Ectonucleotide Pyrophosphatase/Phosphodiesterase 1 (ENPP1) plays an important role in dampening cGAS/STING signaling by degrading cGAMP and therefore is being targeted for cancer immunotherapy. ENPP1 hydrolyzes cGAMP to AMP and GMP and hydrolyses ATP and other nucleotides to monophosphates and pyrophosphate. BellBrook developed a robust, HTS-compatible enzymatic assay method for ENPP1 using the Transcreener AMP2/GMP2 Assay, a competitive fluorescence polarisation (FP) or TR-FRET immunoassay that enables direct detection of AMP and GMP in a homogenous format. 

cGAS and the role of cGAMP in innate immunity was elucidated relatively recently, but it has long been known that production of adenosine in the extracellular tumor microenvironment causes immunosuppression and is associated with tumour progression. Targeting adenosine-generating ectonucleotidases, most notably CD39 and CD73, is being hotly pursued a as a strategy to stimulate and prolong anti-tumour immunity. CD39 hydrolyses ATP and ADP to AMP; AMP can further be processed to adenosine by CD73 leading to a significant impact on many disease states. The Transcreener AMP² CD39 Assay directly measures AMP produced by the enzyme in a homogenous format with fluorescence polarisation or TR-FRET readouts. Similarly, the Transcreener ADO CD73 Assay was also developed to measure CD73 activity in a homogenous format, aiding researchers searching for small molecule inhibitors of the enzyme.

Figure 2

Figure 2: The Transcreener AMP² CD39 Assay directly measures AMP produced by the enzyme with an FP or TR-FRET readout.
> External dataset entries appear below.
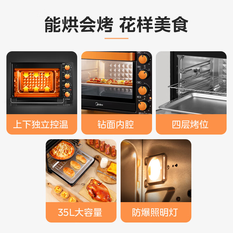 美的(Midea)家用多功能电烤箱 35升大容量烤箱 上下管独立控温 防爆照明灯 四旋钮易操作T3-L326B【仓库2】价格:248.00元!
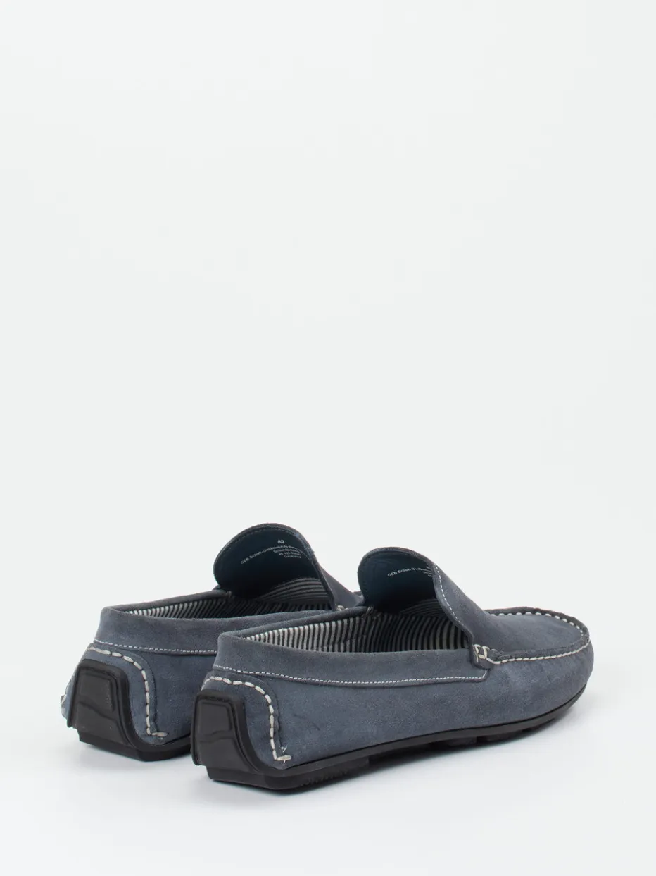 Ein Mokassin mit klassischer Silhouette, gefertigt aus hochwertigem Veloursleder. Die blaugraue Farbgebung und weiße Kontrastnähte sorgen für zeitlose Eleganz mit modernem Twist.
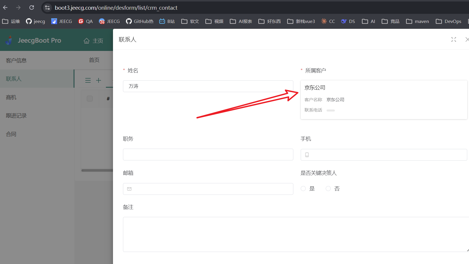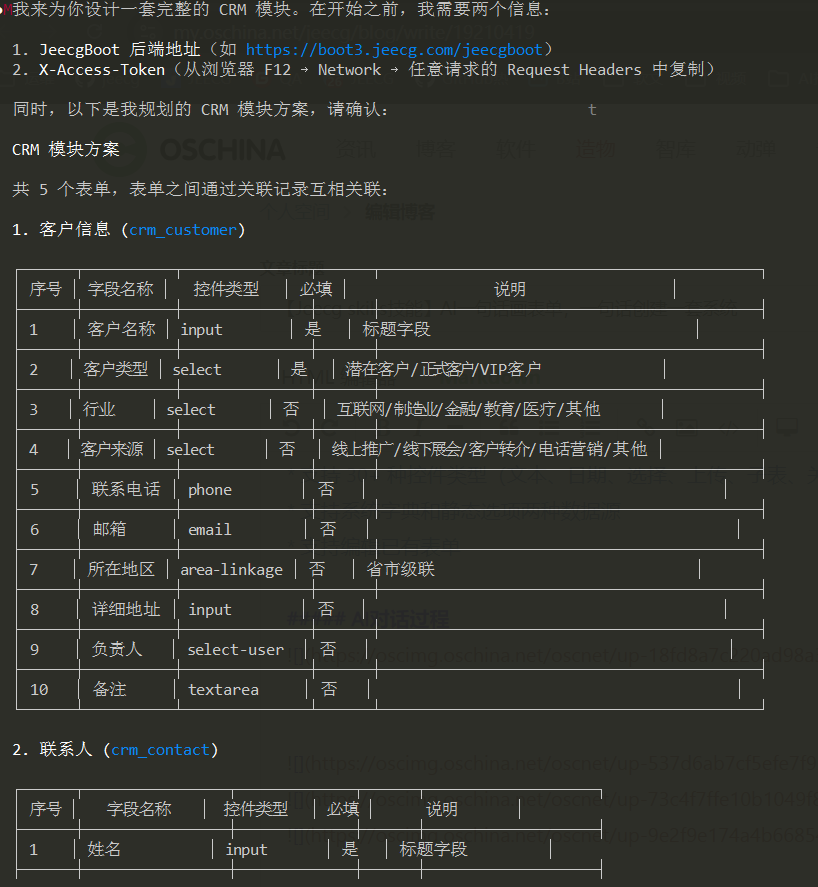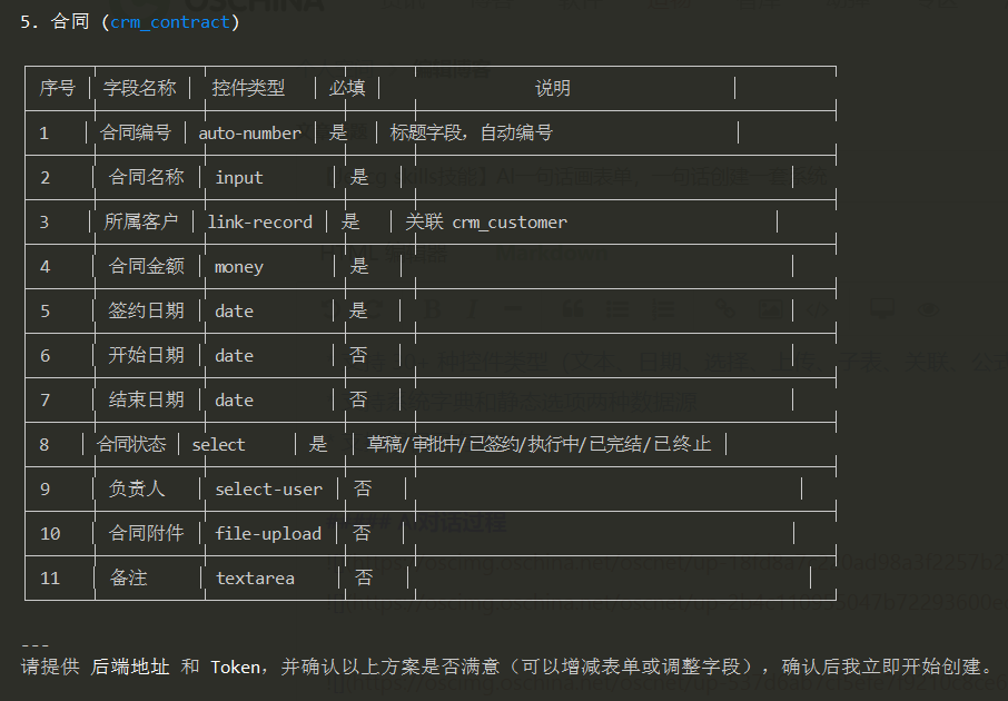 整个过程中,AI 会自动分析 CRM 系统所需的表单结构,推导出客户管理、联系人、商机跟踪等模块所需的字段和控件类型,然后逐一生成并创建:

AMP is then hydrolysed to Adensosine by CD73 which can be detected by the Transcreener ADO CD73 Assay.

The Transcreener ADP2 Kinase Assay has been used to capture millions of data points in HTS in both pharmaceutical and academic screening centres over the last 12 years. It remains the only HTS assay available that relies on direct detection of ADP, with no coupling enzymes or non-native substrates. BellBrook recently validated the Transcreener with kinases in the cGAS/STING pathway, including IKKβ and TBK1. Both of these enzymes are also involved in signalling pathways for other types of pattern recognition receptors; eg, Toll-like receptors, making them potential targets for diverse for autoimmune and neurodegenerative diseases.

Figure 3

Figure 3: Example Transcreener Assay for measuring kinase activity. Transcreener is a mix-and-read platform and include assays that measure other enzymes such as ENPP1, CD39, CD73, and cGAS.
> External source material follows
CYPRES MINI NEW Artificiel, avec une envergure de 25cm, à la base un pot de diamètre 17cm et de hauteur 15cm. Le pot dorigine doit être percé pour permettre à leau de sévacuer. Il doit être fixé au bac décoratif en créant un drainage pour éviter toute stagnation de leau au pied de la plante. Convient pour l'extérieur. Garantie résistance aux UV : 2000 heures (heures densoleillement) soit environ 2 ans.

BellBrook Labs will continue to build on its current suite of Transcreener Assays for innate immune targets. In addition to building an innate immunity product portfolio, BellBrook has also created a suite of services to accelerate assay development, hit-to-lead and lead discovery. The current push to develop new drugs in this area is exciting and BellBrook hopes to create more products and services to help researchers achieve their goals of discovering and advancing novel small molecule modulators for autoimmune disease and cancer.